И еще одно возражение в связи с этим, на сей раз П. Рудневу3, который считает необходимым включить в существующую метрическую классификацию еще «дольник на двухсложной основе, возникающий также при нарушении постоянства слогового состава междуударных интервалов (колебания от 0 до 3 – 4 слогов) и анакрузы (0 – 3 слога)» (стр. 109). Но, во-первых, двухсложники вообще не предполагают постоянства межударного интервала. В их основе размещение акцентов на определенных по месту расположения в строке – четных или нечетных – слогах, в зависимости от того, на какой слог приходится доминирующая в интонационном единстве стиха метро-ритмическая константа: последнее ударение. Тонизм трехсложников в этом смысле более отчетлив, ибо в основе их внутренней меры именно реальные словесные ударения, равномерно чередующиеся через определенный безударный интервал. И когда в процессе ритмической эволюции трехсложных размеров начинает колебаться внутристрочный безударный интервал, то возникающие в результате «внешне ямбические или хореические» формы (например: четные строки в брюсовском «В Дамаск»: «Губы мои приближаются к твоим губам…») воспринимаются все же в ритмической инерции трехсложников. Ведь в данном случае альтернация ударений (а не сильных долей) надстраивается над закономерным чередованием акцентов через определенный промежуток, и здесь отсутствует важнейшее для природы двухсложников противопоставление потенциально-ударных и реально-ударных слогов. О дольнике на двухсложной основе можно было бы говорить, на наш взгляд, лишь как о полном впадении двухсложников в победившую их трехсложную стихию. Однако, при несомненном взаимодействии, оба метрических типа сохраняют устойчивость своих границ.

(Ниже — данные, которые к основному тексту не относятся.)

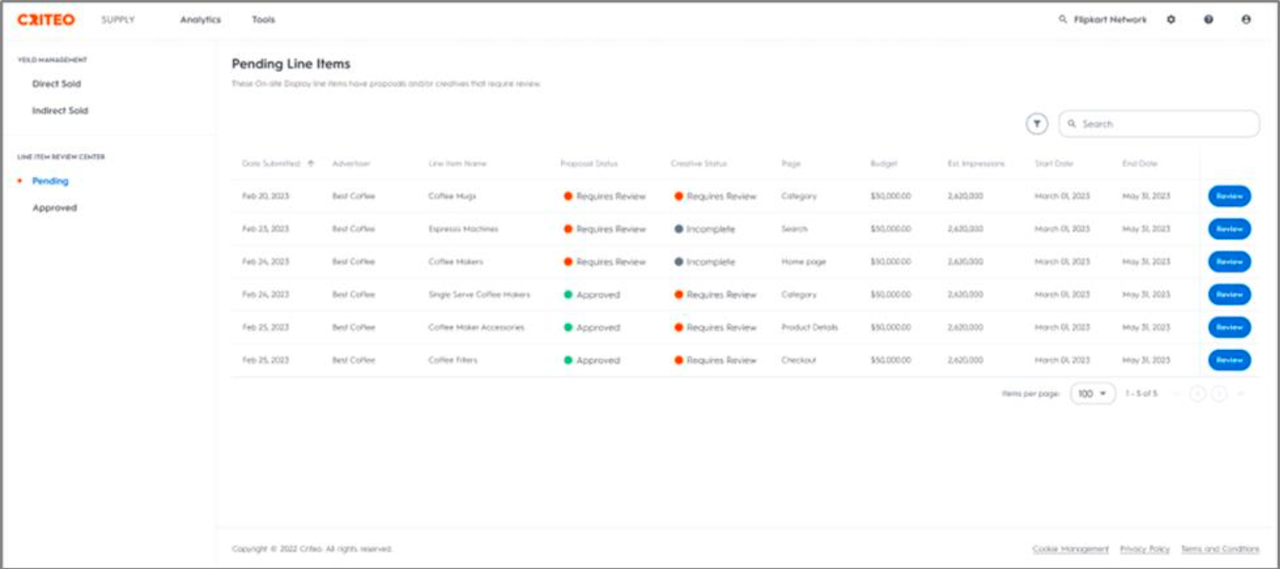 The review process allows for the independent approval of proposals and later review of creatives following their submission. This process allows advertisers to reserve inventory in advance by submitting proposals, commonly done before submitting the creative.

Во многих работах сборника успешно применяется статистический метод обследования стихотворных текстов, и в связи с этим возникает очень существенная проблема соотнесения среднестатистических характеристик с детальным анализом индивидуальных вариантов ритма. Без учета последних даже такие фундаментальные итоги, как заключающие статью М. Гаспарова очень важные определения типологии дольника, могут все же унифицировать и затушевать динамику столкновения различных ритмических тенденций в живой поэтической реальности. Сравним, например, два почти одновременно написанных стихотворения М. Цветаевой: «Расщелина», где, как и в «средних цифрах», доминирует 3-я форма (- «» – » -) трехударного дольника (80 процентов), и «Кто-то едет – к смертной победе…», где столь же отчетливо доминирует 2-я форма (- » – «»-), которой в «среднем» дольнике Цветаевой всего лишь 0,3 процента. А в стихотворении «Деревья» (1934) основные дольниковые формы представлены так: 1-я-62,2 процента, 3-я-32,2 процента. Кажется, здесь можно говорить о преобладании 1-й формы, но это неточно, ибо средние цифры даже по одному стихотворению превращают в статику его внутреннюю динамику: из первых 16 строк 15 – 1-я форма, то есть трехстопный амфибрахий, зато в следующих 13-ти – уже 9 стихов 3-й формы, после чего столь же симметрично следуют друг за другом одно дольниковое и одно амфибрахическое четверостишия. Так что здесь не одна, а две сталкивающиеся друг с другом ритмические доминанты. Все это, конечно, не подрывает бесспорной ценности типологических выводов М. Гаспарова, речь идет лишь о возможности дальнейшего обогащения среднестатистических характеристик средними и максимальными отклонениями от них в различных произведениях и периодах творчества того или иного поэта.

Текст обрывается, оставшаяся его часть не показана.